26 Ağustos 2016 Cuma

Kadere iman, imanın kemalidir (9): Kadersiz Kur'an olur mu?

Yaratış elbetteki yapıcılıktır. Ve yapıcılık yıkıcılık gibi değildir. İkisi de fiildir, fakat mahiyetleri farklıdır. Yapıcılık, gelişigüzellik değil, belirginlik ister. Tesadüf değil, düzen ister. Kader konusunda inkârcılarının en temelde anlayamadığı şey şu sanırım: "Bilmek yıkmaktan sonra gelir de yapmaktan sonra gelemez." Düzen bilmeksiz yaratılamaz. Birşeyin yaratılışı onun nasıl yaratılacağını bilmeden olamaz. Yani yaratılış sadece kudretle değil ilimle de ilişkilidir. Öncesinde (bu öncelik-sonralık beşerin sınırlılığı için geçerlidir) ilim olmayan yaratış olamaz. Bir dönem reklamlarda da vurgulandığı gibi: "Kontrolsüz güç, güç değildir." Öncesinde ilim olmayan fiil yıkıcıdır. Kudreti kontrolde tutan ilmin kalıbıdır. Yani sınırların belirginliğidir.

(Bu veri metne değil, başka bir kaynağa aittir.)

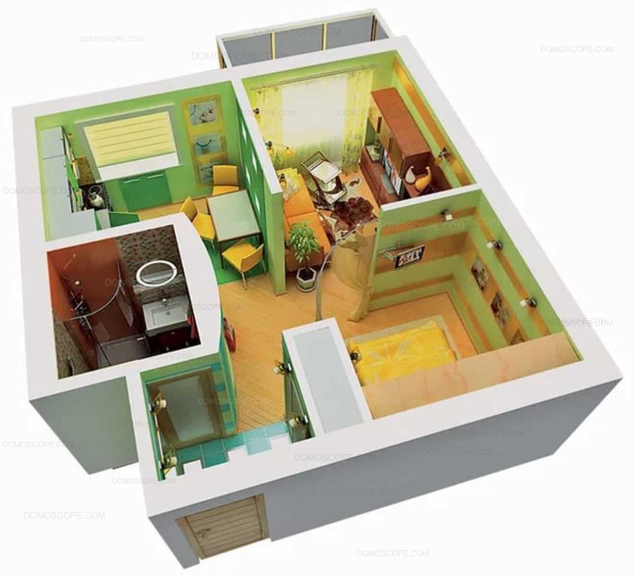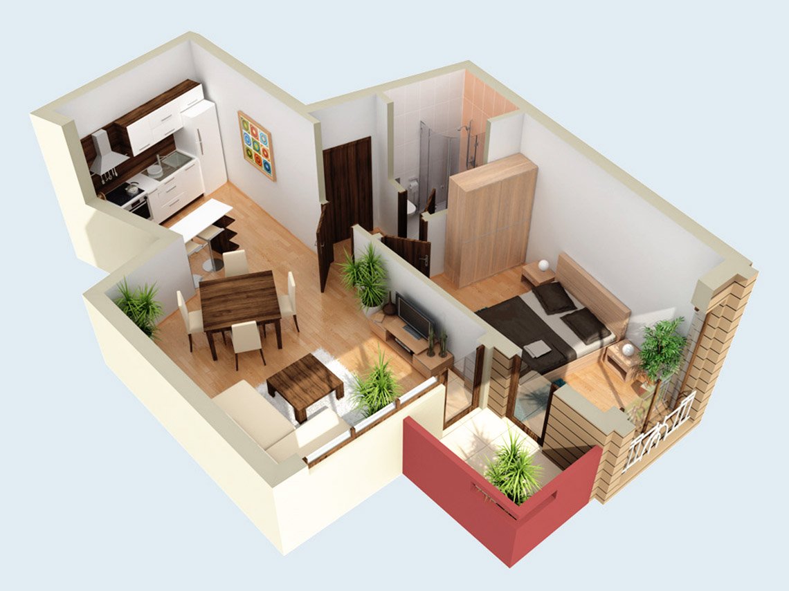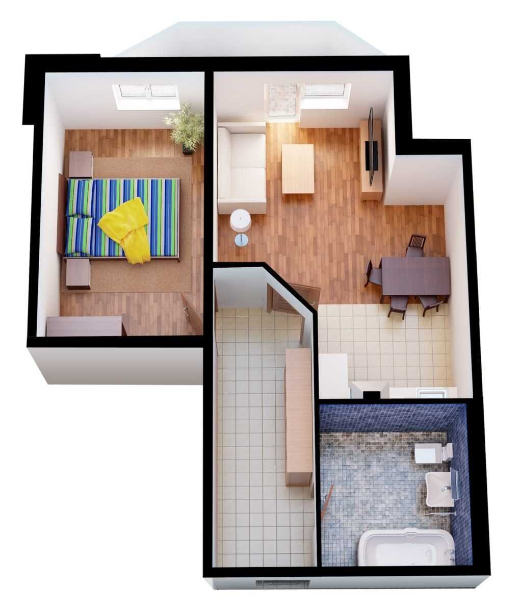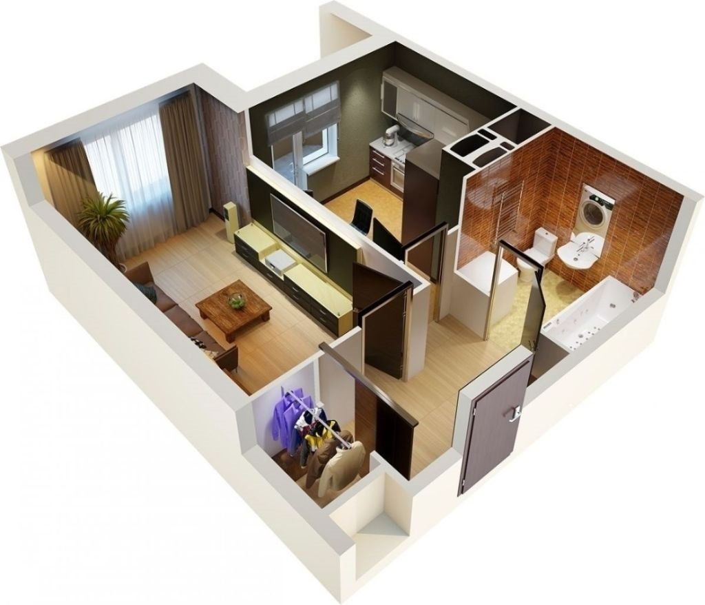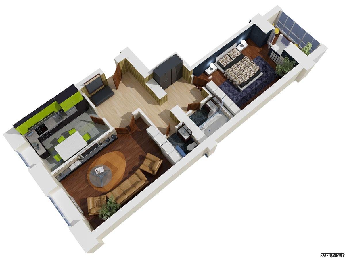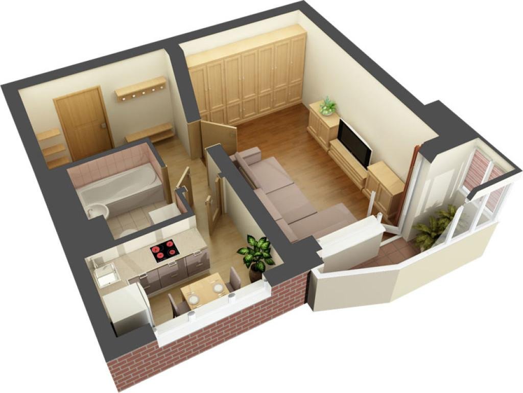 Планировка 1 комнатной квартиры 3d
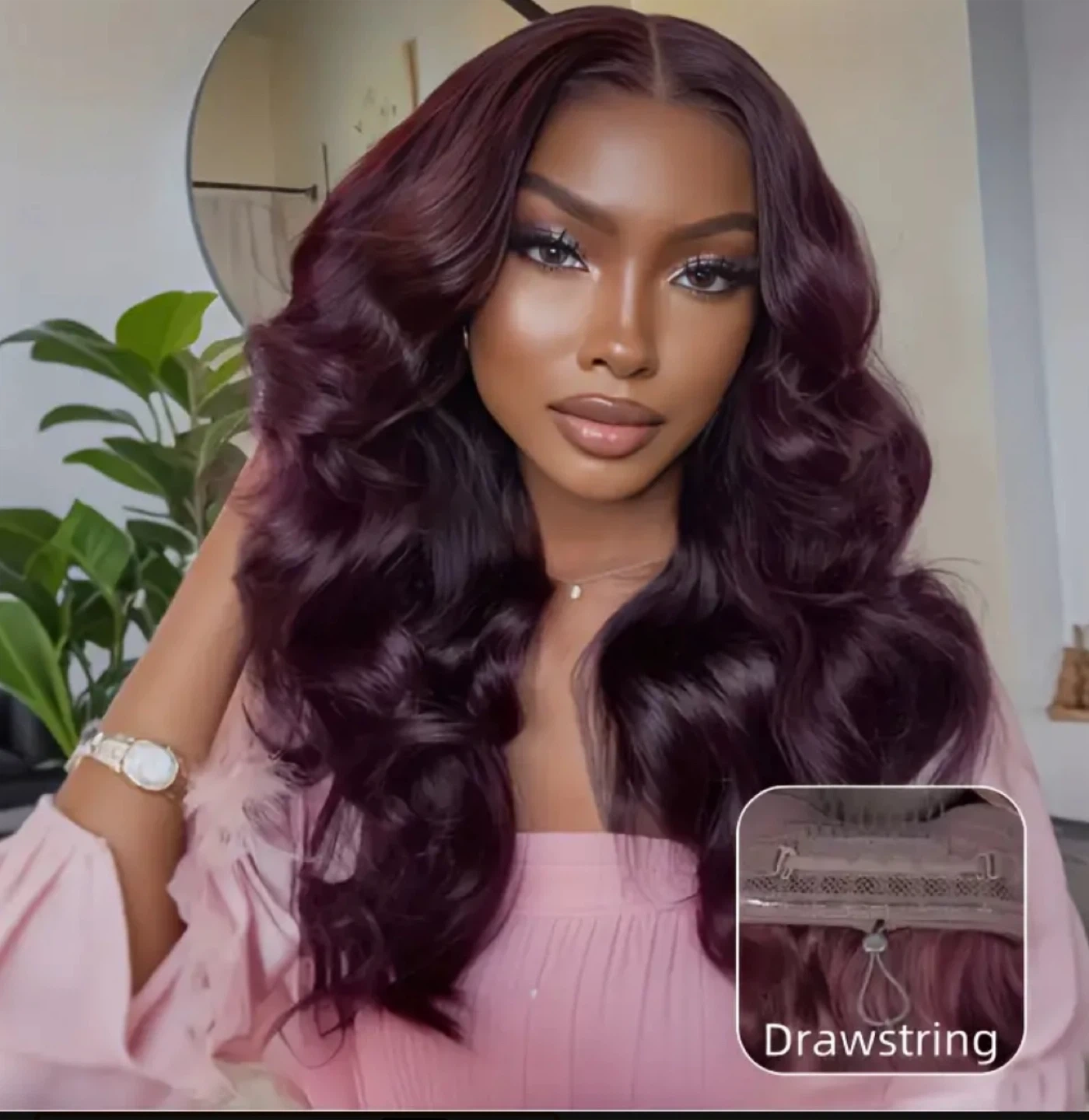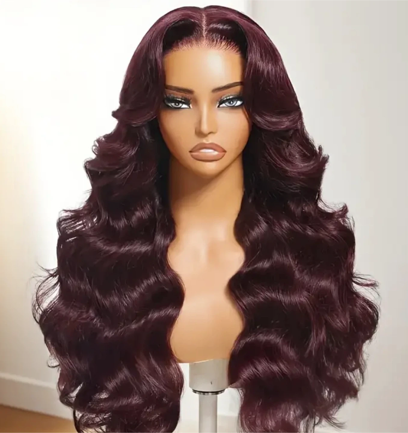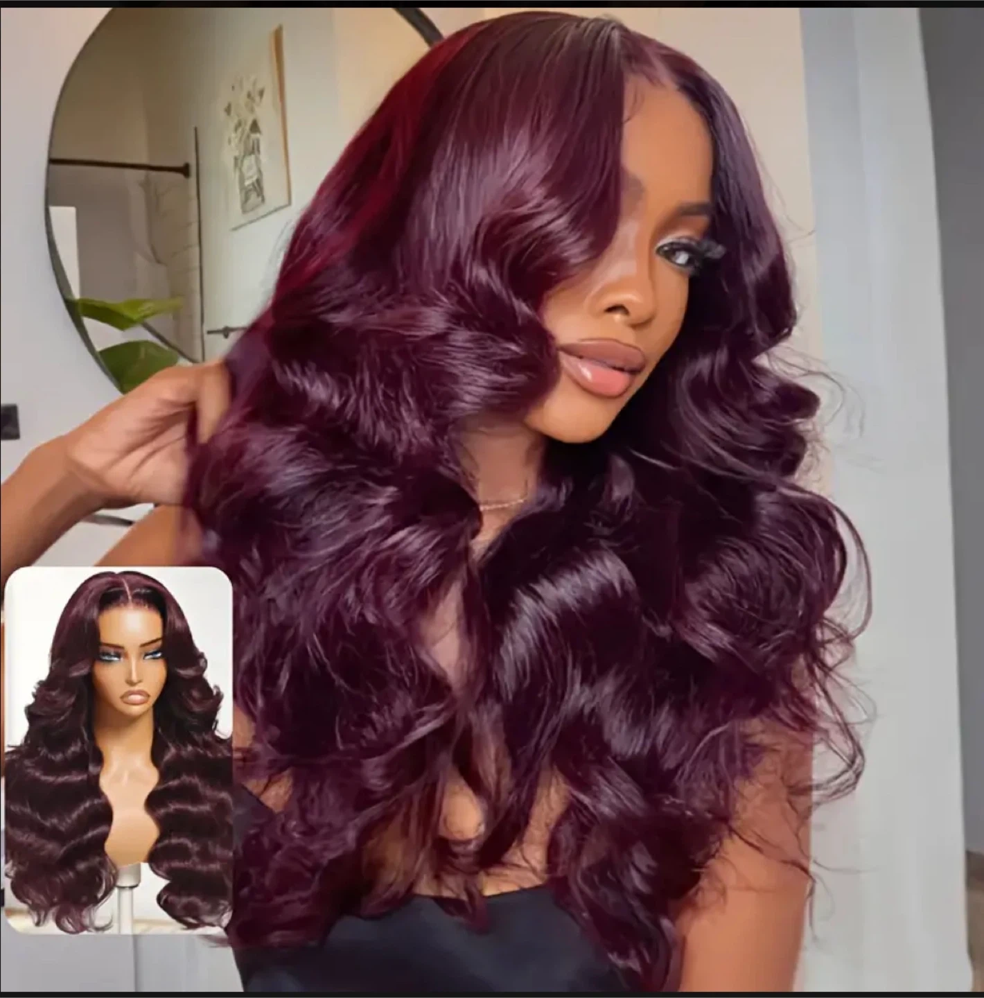 Here is a beautiful burgundy lace front wig. It has a natural wave pattern and is perfect for a night out or everyday wear. It appears to be in great condition! Human hair

Peki, yaratılış sadece ilim ve kudretle mi ilişkilidir? Elbette hayır. Bir fiilin vücuda gelebilmesi için gereken üçüncü öğe de iradedir. İlimle kudret arasındaki bağı kuran odur. Nasıl yapılacağını bildiğiniz o kadar çok şey vardır ki, eğer onlardan birisini seçmezseniz, kudretiniz hiçbirisini elinize vermez. Yapmasını bildiğiniz yüzlerce yemek olabilir. Ama akşama ne yapacağınıza karar vermediğiniz sürece misafirleriniz açlık riskiyle karşı karşıyadır.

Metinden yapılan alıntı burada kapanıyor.